The COVID-19 pandemic has had devastating effects in U.S. nursing homes and long-term care facilities, resulting in an estimated 1.2 million infections and 147,000 deaths as of early 2021. Yet even as mortality rates in the general population have decreased over time, little evidence has been uncovered to determine whether nursing home residences have experienced similar reductions.
Now, new data collected and analyzed by researchers at Brown University shows that mortality rates among nursing home residents with COVID-19 declined from March to November 2020, and that the deadliest period of time for nursing home residents followed the pandemic’s arrival, when the virus spiked in spring 2020.
The information fills an important evidence gap in accounting for death rates of nursing home residents from COVID over time, the researchers say.
“Understanding the mortality risk from COVID-19 among nursing home residents is critical for identifying the mechanisms that most significantly affect health outcomes in this vulnerable population,” said Cyrus Kosar, lead study author and a doctoral candidate in health services, policy and practice in Brown’s School of Public Health.
Kosar conducted the analysis with principal investigator and Brown professor Vincent Mor, who has been researching the impact of COVID-19 in nursing homes since the beginning of the pandemic.

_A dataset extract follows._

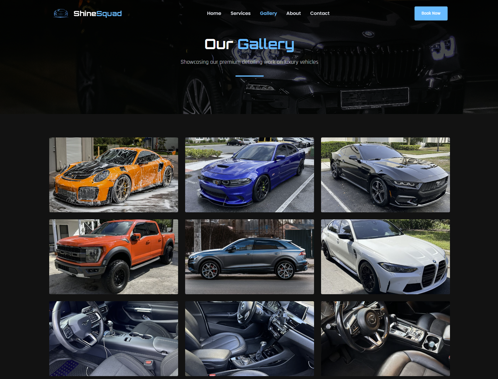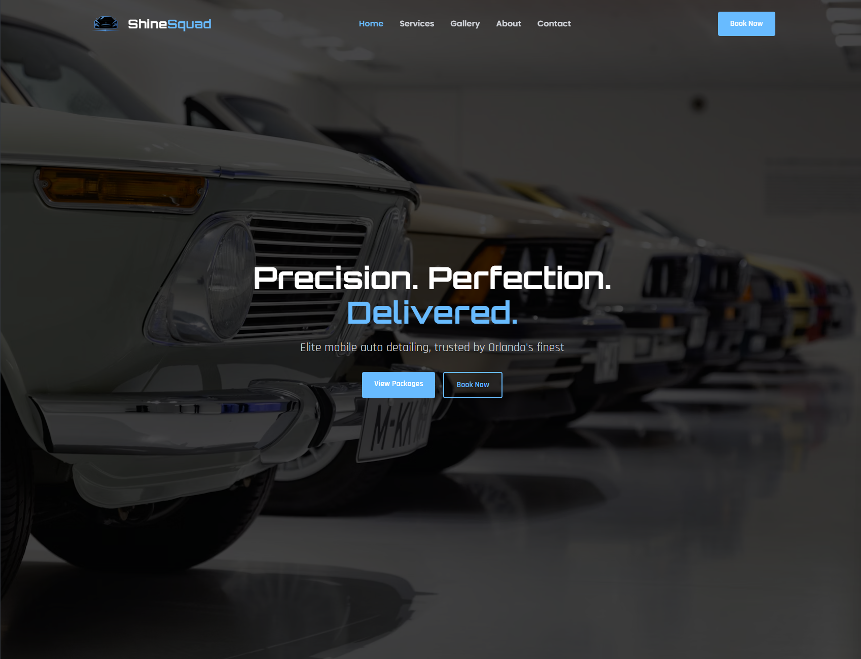 Website for ShineSquad Auto Detailing, a luxury mobile car detailing service based in Orlando. The site showcases premium service packages, features an online booking system, and builds trust through a gallery of detailed vehicles and client testimonials — all designed to convert visitors into booked appointments.

Long-term care residents have accounted for approximately 40% of total U.S. deaths from COVID-19. While data showed that mortality rates from the virus in the general population have declined overall, there was no evidence that nursing homes had similarly turned a corner. What’s more, the researchers say, some of the factors contributing to reduced mortality rates in the general population, such as improved COVID-19 therapeutics and supportive care in hospitals, are not applicable to nursing home residents, who are often treated in the facilities where they reside instead of being admitted to a hospital.
“There are many different reasons why mortality rates could decrease in the general population,” Kosar said. “We wanted to know specifically what was happening in the nursing home setting—especially since it is hard to argue that there is any risk factor greater for COVID-19 infection and death than being in a nursing home.”

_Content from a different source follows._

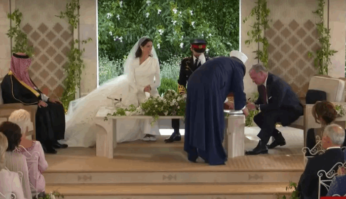وتوجه إمام الحضرة الهاشمية الذي أشرف على عقد القران للأمير حسن حيث وقع في المكان المخصص للشاهد الثاني.

The new study, which was published on the web on Thursday, March 11, and will appear in the April issue of Health Affairs, examined nursing home data in large providers of post-acute and long-term care services in 24 states through Nov. 15, 2020. The authors found that among 12,271 nursing home residents with COVID-19, 30-day mortality rates declined from a high of 20.9% in early April to 11.2% in early November.

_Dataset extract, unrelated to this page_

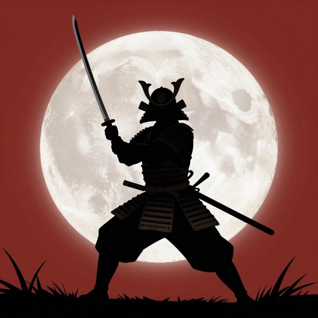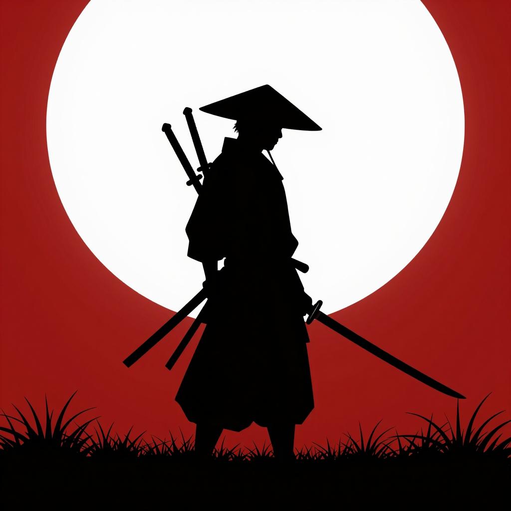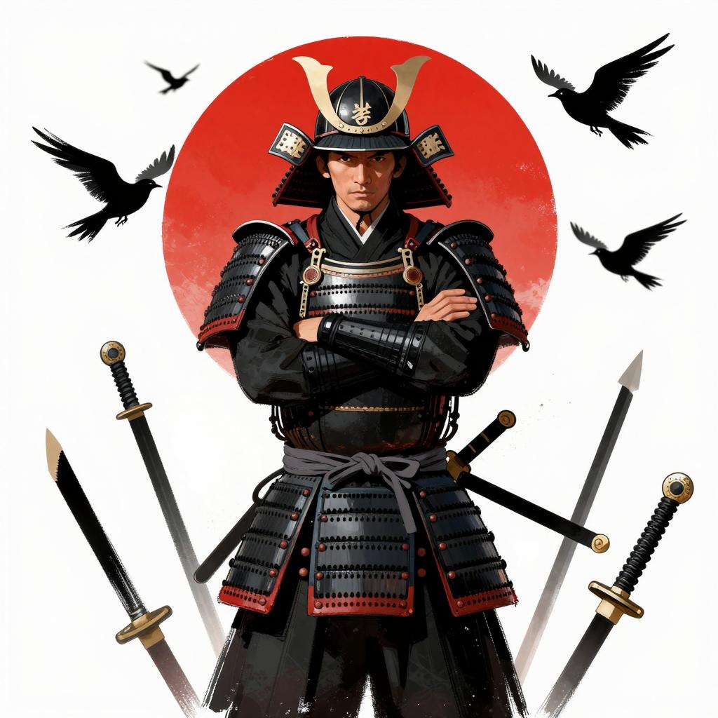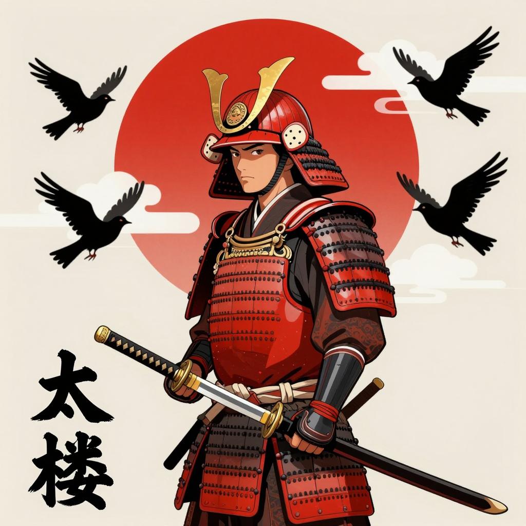 Illustration of two Japanese swords with black handles, one larger and one smaller, standing vertically. A large red circle with bloodstains overlaps the swords. Two black birds fly above the circle. The background is a plain, light grey. The swords have a slight sheen.

The share of COVID-19 cases determined to be asymptomatic (and therefore less severe infections with a lower risk of mortality) increased over time, the researchers say, because of improvements in routine surveillance testing and the wider availability of personal protective equipment. Nevertheless, the researchers found that mortality risk declined for both symptomatic and asymptomatic residents, and also for patients with high and low baseline frailty levels.
What was happening, then? Kosar says that when the pandemic first hit nursing homes, the infectious nature of the virus caused it to quickly overwhelm facilities, leaving them unprepared, lacking in PPE and dealing with a high number of very sick patients.
“This was not empirically tested, but my interpretation is that at the very beginning of the pandemic, COVID-19 provided a real shock to the U.S. health care system and nursing homes in particular,” Kosar said. “And that shock, unfortunately, cost a lot of lives.”
Although more research is needed, the authors note in the study that mortality decreased with the improvements in PPE supply, staff adoption and skill with PPE and knowledge regarding the clinical management of COVID-19.